Similar findings were also observed in another study where 25 Parkinson’s patients and 25 healthy volunteers were evaluated for their vitamin D levels. The study found that Parkinson’s patients carry significantly lower levels of vitamin D in their blood compared to healthy individuals. The study further concluded that such a deficiency has a strong impact on the motor and cognitive symptoms of the patients.

These studies suggest that vitamin D deficiency may increase the chances of developing Parkinson’s disease and elevating its levels might provide protection against it.

Which symptoms can be treated with vitamin D supplementation? What do clinical trials suggest?

Research studies are in the exploratory phase of finding out how vitamin D can help people with Parkinson’s disease. The evidence collected so far indicates that its consumption may potentially help to control the non-motor symptoms.

A study included 182 Parkinson’s patients and 185 healthy individuals found that patients with Parkinson’s had significantly lower levels of vitamin D and these patients were experiencing more falls and sleep problems. They were also suffering from depression and anxiety. The study suggested that vitamin D supplementation could be a potential therapeutic option for non-motor symptoms of Parkinson’s disease.

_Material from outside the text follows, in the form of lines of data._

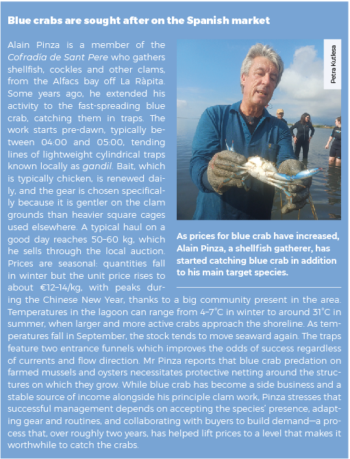 One of the most significant changes in recent years has been the rapid spread in local waters of the blue crab (Callinectes sapidus), an invasive species feared for its disruption of native ecosystems as well as the impacts on fishing gears. First detected in the Ebro delta in 2012, the blue crab’s explosive population growth was a cause for concern, as it outcompeted local species and also preyed on them. According to Mr Navarro, local fishermen were alarmed as the crab aggressively spread, killing off other marine life, destroying their nets and consuming quantities of valuable shellfish. To combat this, the cofradía, in collaboration with local authorities, began regulating the crab’s fishing, making it a targeted catch rather than a bycatch. This move was essential to reduce its population and ensure that the crab didn’t continue to harm the biodiversity of the area. Managing the predator called for a series of steps that culminated in a management plan approved in 2018 that had the support of all the stakeholders. Among the initial steps was a monitoring programme which sought to evaluate the blue crab situation in the Ebro delta and control the population. Researchers from ICATMAR calculate that between 2016 and 2023 catches amounted to 1,865 tonnes which generated an income of EUR4.5m. The average first sale price was EUR3.9/kg. Most of the catches, close to 70%, were in the two bays Fangar and Alfacs with 20% caught in the river Ebro. Sampling stations were established in the bays, river, sea, and lagoons and crabs were caught in traps to capture biological (sex, size, weight, etc.) data. The researchers found that the blue crab was an important resource for the fishers and they emphasise the importance of promoting the blue crab market and maintaining the first sale price to minimise the blue crab population and to preserve the environment. Mr Navarro notes that fishing methods for blue crab have evolved significantly. At the beginning of the invasion, the approach was volume-driven to land as many crabs as possible to alleviate ecological pressure, while initial prices stood at around 1 EUR/kg, and occasionally lower. Today, the average fisherman can capture 50 to 60 kilos of blue crab per day, with a market price of around 4 euros per kilo.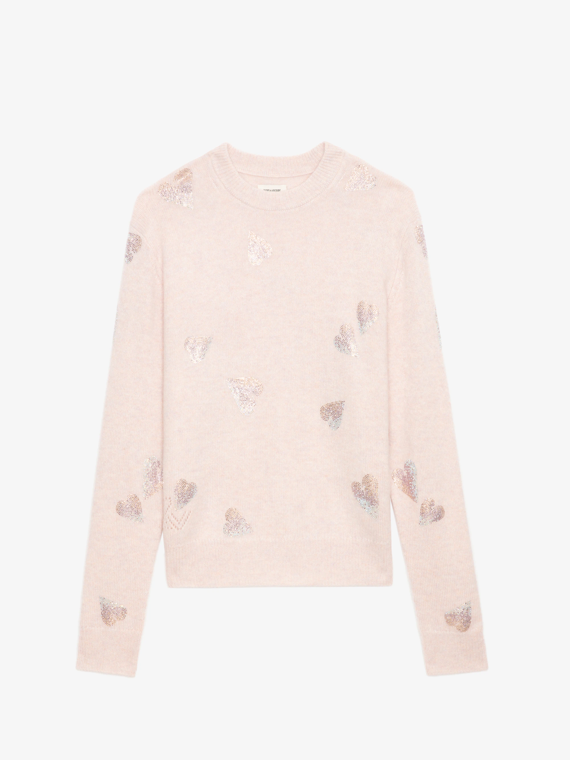 Jersey de 100% cachemir rosa claro con mangas largas y corazones adornados con cristales.Ver más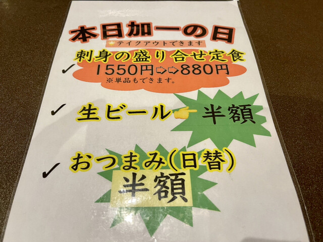 旬の刺身盛合せテイクアウト(加一の日利用)/内容変更後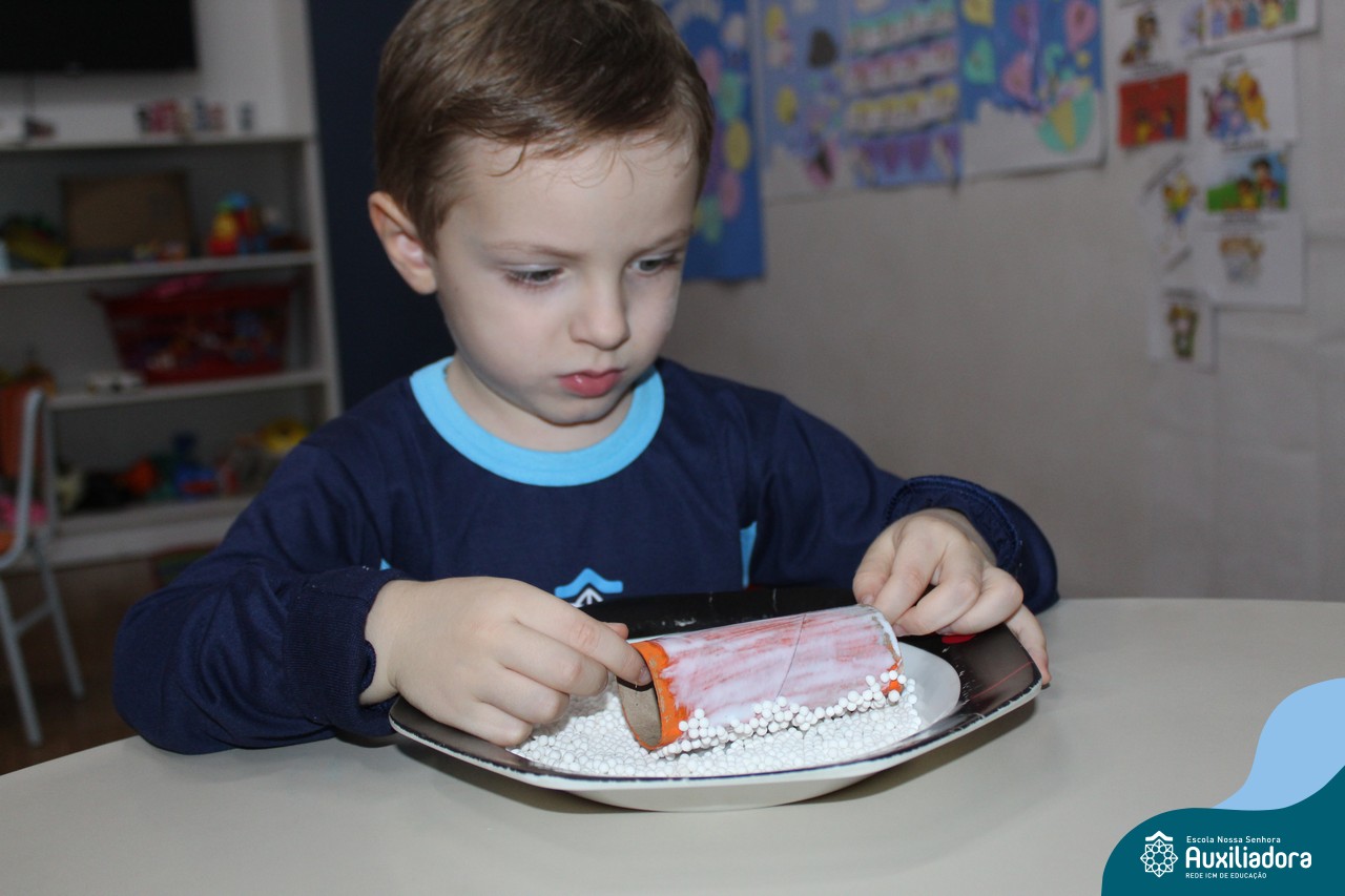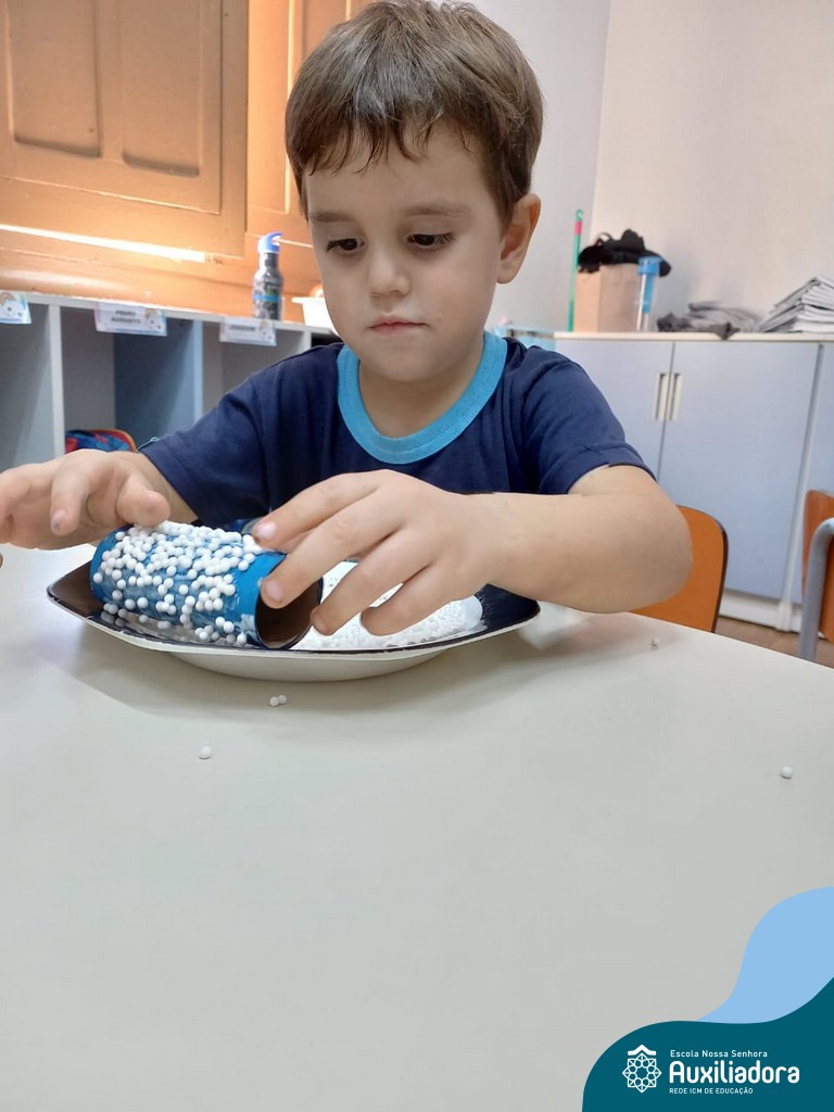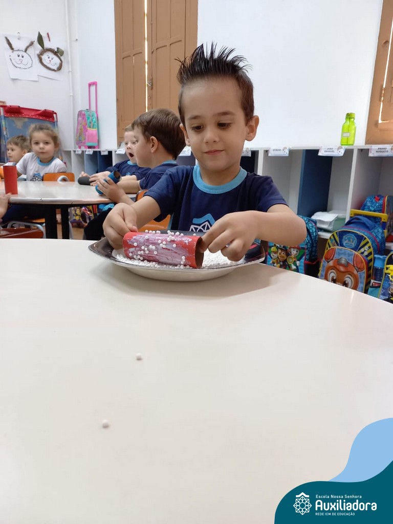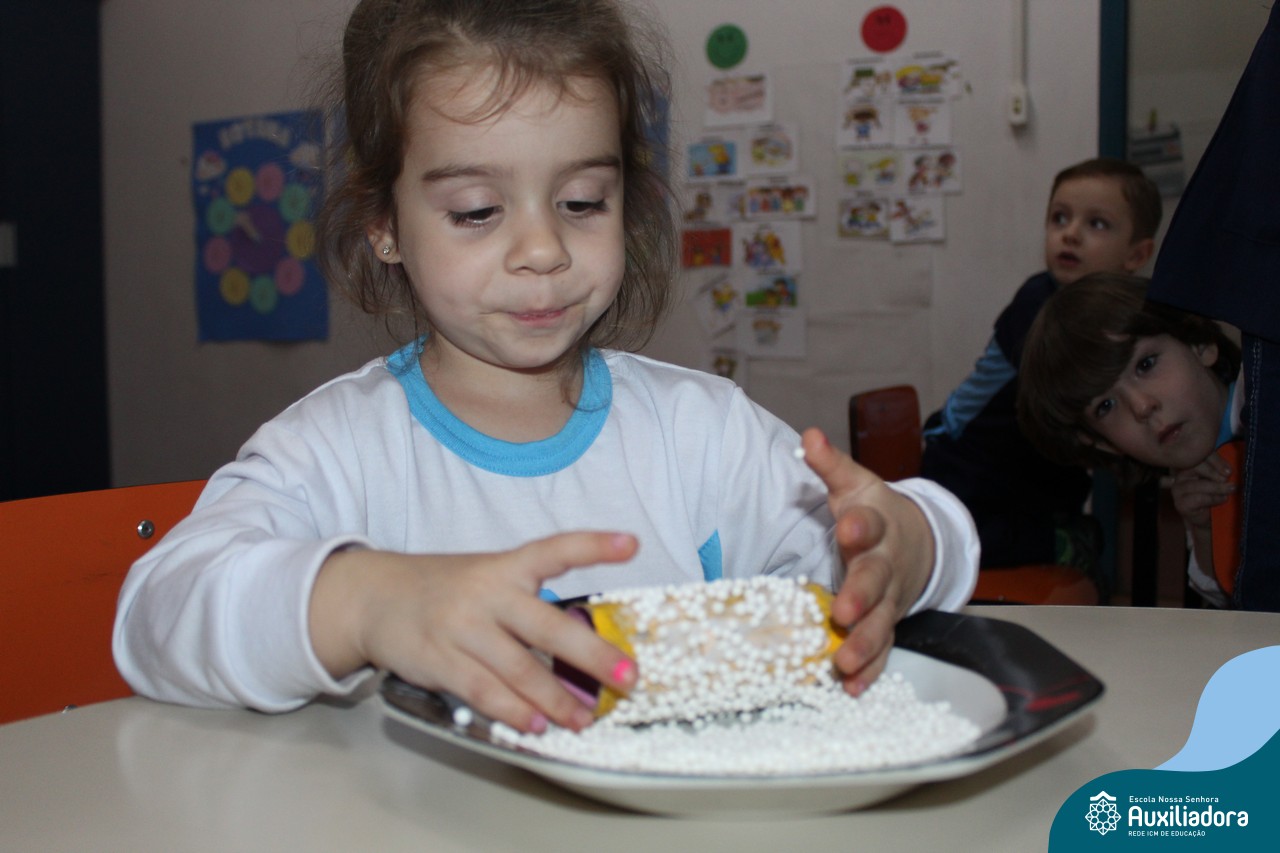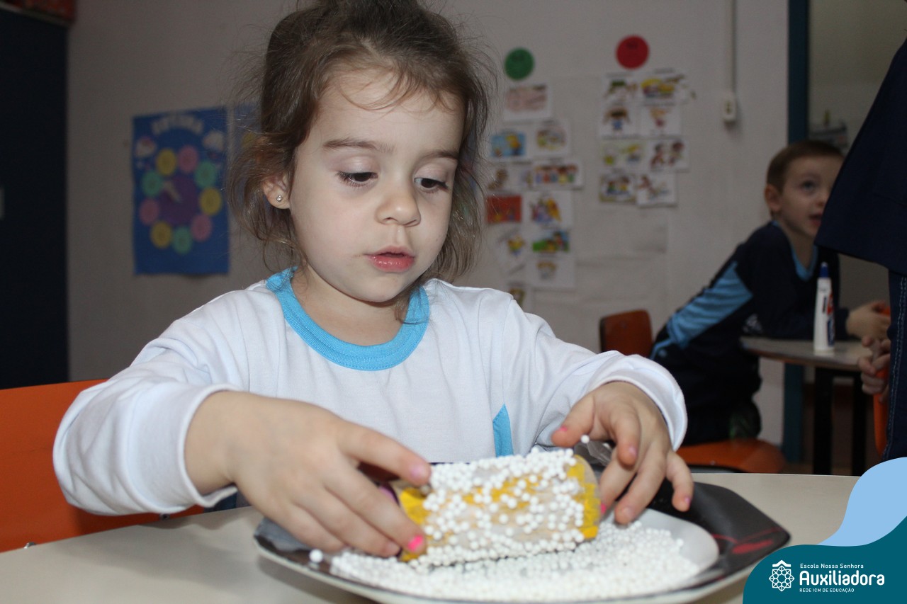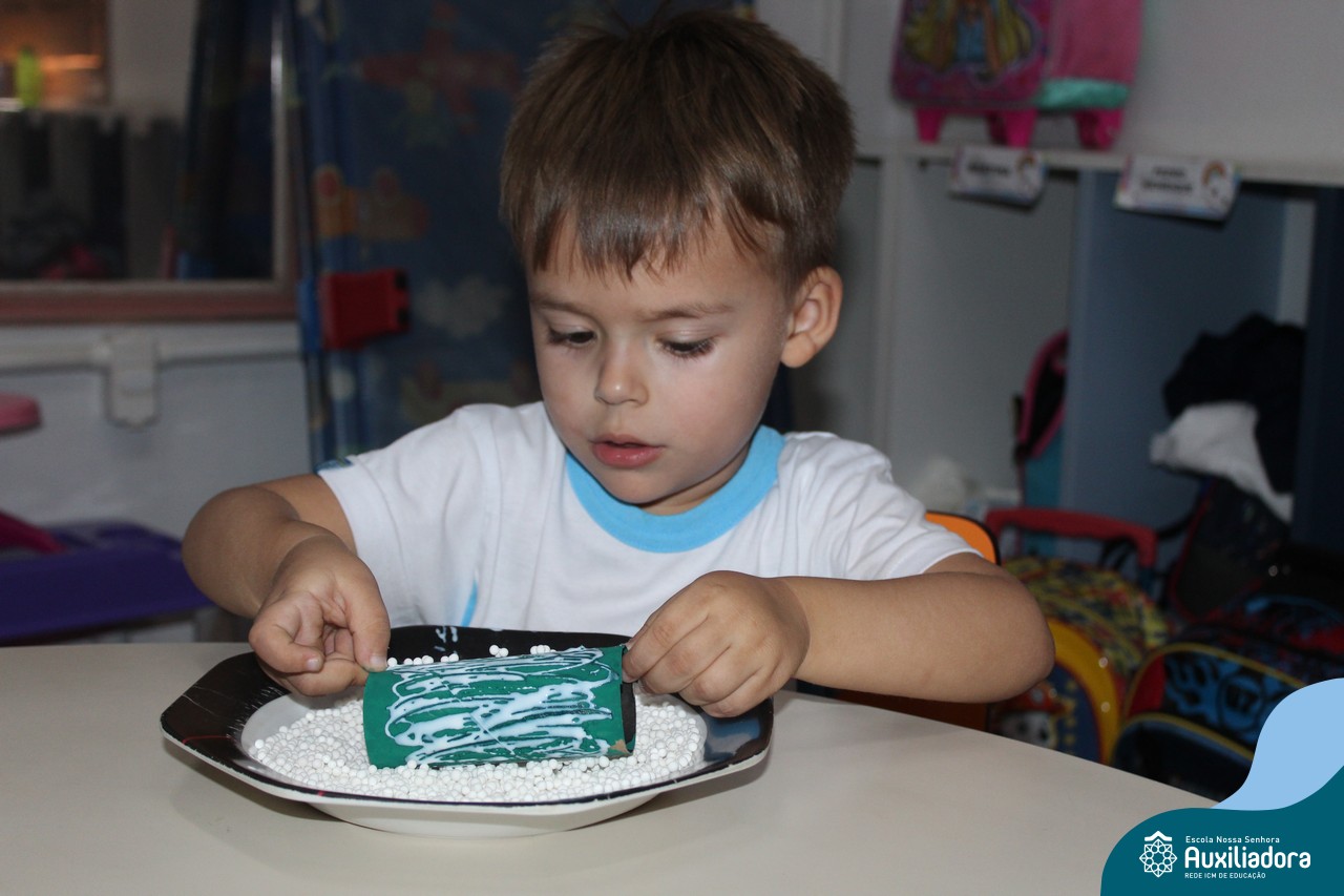 O Maternal 2 C, em registro a história “Maria vai com as outras”, construiu suas “Marias”. Essa atividade foi desenvolvida com o intuito de trabalhar a concentração, motricidade fina e o sensorial das crianças, que se divertiram muito com a colagem das bolinhas de sagu.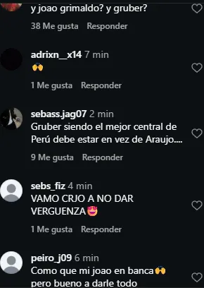 Cuando se confirmó la alineación de la Selección Peruana, hubo muchos comentarios pidiendo a dos jugadores en específico. A muchos hinchas los sorprendieron con las ausencias de Joao Grimaldo en el extremo derecho y de Fabio Gruber en la zaga central.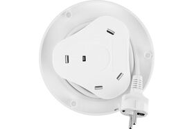 Подставка с центральным контактом дает возможность располагать на ней чайник в любом положении, обеспечивая вращение на 360°. Снизу имеется отсек для хранения шнура, в который можно смотать излишки шнура электропитания, чтобы он не мешал на столе.

In another study, higher levels of vitamin D was associated with better cognition and better mood.

Similarly, one study involving 114 Parkinson’s patients showed that vitamin D supplementation (1200 IU/day) for 12 months inhibit the disease progression for a short period. But this effect was seen in patients that were carrying a certain genotype linked to vitamin D receptor gene.

How about the motor symptoms?

It’s not yet clear whether its consumption can also treat the typical motor symptoms of Parkinson’s. So far only one study has reported that it may help improve balance in patients who are younger. In this study, a high dose of vitamin D supplement for 16 weeks was found to cause a significant improvement in the balance of those patients who were 66 or younger, compared with the placebo group or those patients who were 67 and older.

What about its side effects?

Vitamin D is not associated with any adverse effects when used in a moderate amount. Several clinical trials have shown that it is well-tolerated and has a good safety record. When tested in Parkinson’s patients, its intake didn’t worsen the patients’ symptoms.

The Takeaway

The link between vitamin D and Parkinson’s disease has gradually attracted attention. While some clinical studies suggest that it may contain a therapeutic strategy for treating some symptoms of Parkinson’s disease, it is still uncertain whether its supplementation can reverse the disease condition or at least improve the typical motor symptoms.

If you are suffering from Parkinson’s disease and thinking of using vitamin D supplements, it is good to take advice from your doctor first.


Disclaimer: The information shared here should not be taken as medical advice. The opinions presented here are not intended to treat any health conditions. For your specific medical problem, consult with your health care provider.